Clinically, he said, the data imply 'that patients…may benefit from a more favorable bone outcome [with semaglutide] compared to those who undergo sleeve gastrectomy for weight loss and should guide clinicians to favor this medication class in patients at higher risk of bone loss. We need further studies to help us understand this correlation, but so far with this data, most subjects with even average bone fracture risk will have a lower fracture risk when they use semaglutide vs undergoing sleeve gastrectomy.'
Asked to comment, Session Moderator Sara E. Lubitz, MD, associate professor of medicine and endocrine program director at Rutgers Robert Wood Johnson Medical School, New Brunswick, New Jersey, told Medscape Medical News , 'We've known for a long time that bariatric surgery leads to decreased bone density. Is semaglutide really protective, or is it just a different degree of weight loss or a different patient population that we're using the semaglutide in? There are so many other variables.'
Lubitz noted that the outcomes might differ between individuals with diabetes and those without, as well as among postmenopausal women. But she said that the findings 'at least give us more things that we need to look at in general about semaglutide and fractures compared to baseline populations.'
Noreña noted, 'Diabetes itself may be a risk factor for osteoporosis, but semaglutide appears to play a protective role on bone health for obese individuals with or without diabetes during their weight loss journey.'
The retrospective cohort analysis used the Eversana Life Sciences EHR dataset, representing more than 130 million patients seen at community hospitals and large practices in the Unites States from January 2016 to December 2023. The authors identified 92,405 adults with obesity and no prior history of fractures who were treated with semaglutide and 16,082 similar adults who had undergone sleeve gastrectomy, both within 1 year of obesity diagnosis.

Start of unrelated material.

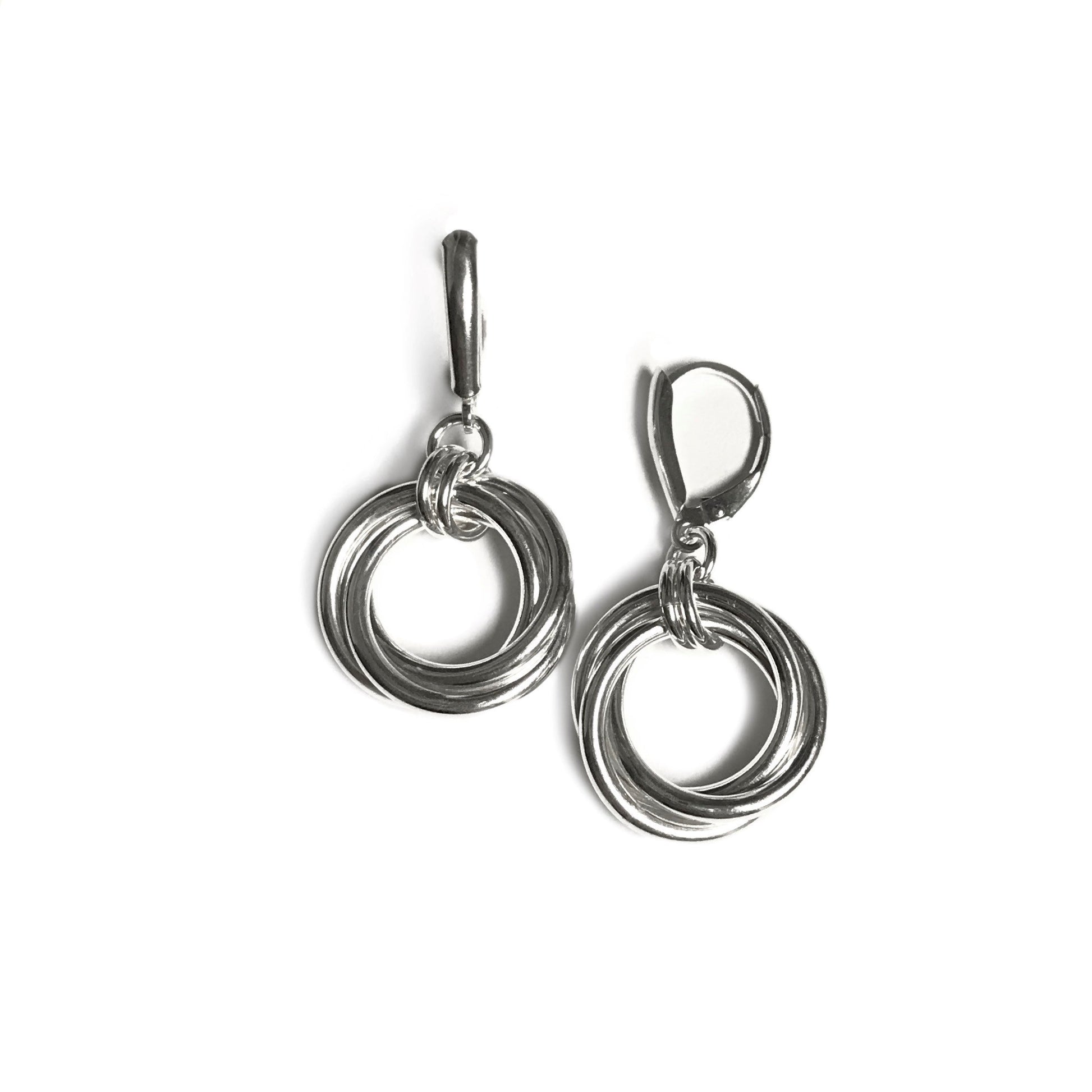 Sterling Silver. Classic, contemporary design. Will become one of your “go to” earrings in your earring rotation. Comes in Post, French Back and Huggies. French Back version shown. Big Sister to the Half Love Knot Earring Design. Same design, much larger rings. Exact match to the Large Love Knot Bracelet and Large Love Knot Pendant

After high-dimensional propensity scoring, there were 2887 individuals in each treatment group. They had a mean age of 45 years, more than three quarters were women, and about half were White individuals. The semaglutide group had a higher prevalence of diabetes than the sleeve gastrectomy group, 40.2% vs 30.1%.

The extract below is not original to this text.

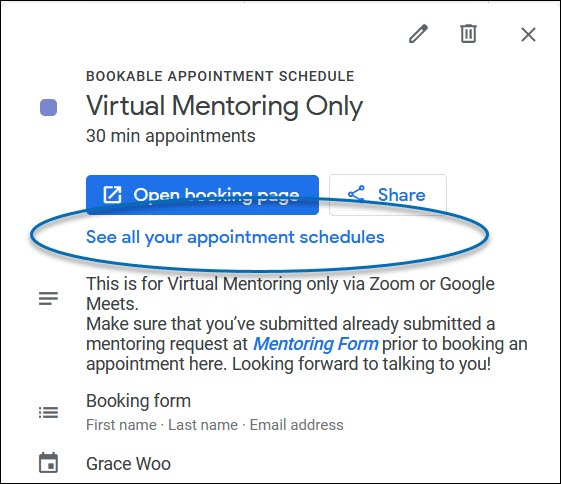 4) This will open up a new window with all the appointment schedules you've created in your Google Calendar.

Over an average 3-year follow-up, there were 86 fractures (3.0%) in the semaglutide group compared with 128 fractures (4.4%) in sleeve gastrectomy group (hazard ratio 0.74, 95% CI, 0.56-0.98).
Noreña told Medscape Medical News , 'Some questions to address include whether these findings are independent of the class and could be observed in terzipatide or other GLP-1 agonists.'
During his presentation, Noreña said that because surgical weight-loss interventions can affect nutrient absorption and reduce the absorption of both micro- and macronutrients, his group recently conducted a new retrospective analysis evaluating fracture outcome of semaglutide compared with oral medications such as phentermine/topiramate (Qsymia) and naltrexone/bupropion (Contrave).
In this study, patients were matched based on their change in body mass index. Semaglutide significantly reduced the risk for any fracture by 25%. 'This reinforces the potential protective mechanism that other weight-loss modalities may lack,' Noreña said, adding that more detailed information will be presented at a later date.
Noreña is the author of the book 'el poder del ayuno intermitente' in Spanish (the power of intermittent fasting) and received royalties from it. Lubitz is a speaker for Ascendis, and received clinical trials research funding from Ascendis, Chiasma, and Takeda.